Jaremko, M., Jaremko, L., Mazur, A., Makowski, M., & Lisowski, M. (2013). Enhanced beta-turn conformational stability of tripeptides containing Delta Phe in cis over trans configuration. Amino Acids, 45(4), 865-875. doi:10.1007/s00726-013-1534-9.

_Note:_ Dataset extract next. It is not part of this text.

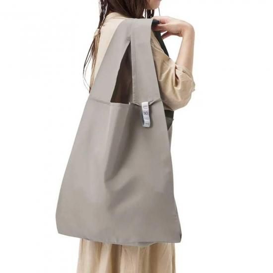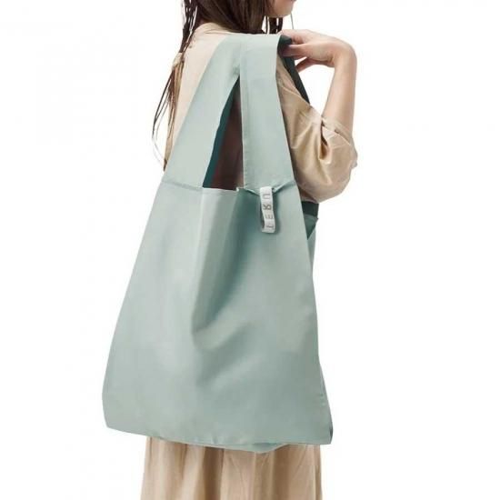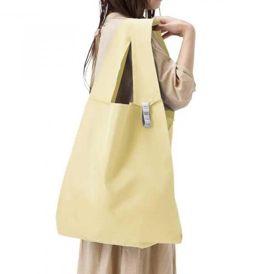ゴムバンドでくるりとコンパクトにまとめて持ち運びができるエコバッグです。

Cite as: http://hdl.handle.net/11858/00-001M-0000-0014-6A35-1
Abstract
Conformations of three pairs of dehydropeptides with the opposite configuration of the Delta Phe residue, Boc-Gly-Delta(Z/E)Phe-Phe-p-NA (Z- p -NA and E- p -NA), Boc-Gly-Delta(Z/E)Phe-Phe-OMe (Z-OMe and E-OMe), and Boc-Gly-Delta(Z/E)Phe-Phe-OH (Z-OH and E-OH) were compared on the basis of CD and NMR studies in MeOH, TFE, and DMSO. The CD results were used as the additional input data for the NMR-based calculations of the detailed solution conformations of the peptides. It was found that Z- p -NA, E- p -NA, Z-OMe, and Z-OH adopt the beta-turn conformations and E-OMe and E-OH are unordered. There are two overlapping type III beta-turns in Z- p -NA, type II' beta-turn in E- p -NA, and type II beta-turn in Z-OMe and Z-OH. The results obtained indicate that in the case of methyl esters and peptides with a free carboxyl group, Delta(Z)Phe is a much stronger inducer of ordered conformations than Delta(E)Phe. It was also found that temperature coefficients of the amide protons are not reliable indicators of intramolecular hydrogen bonds donors in small peptides.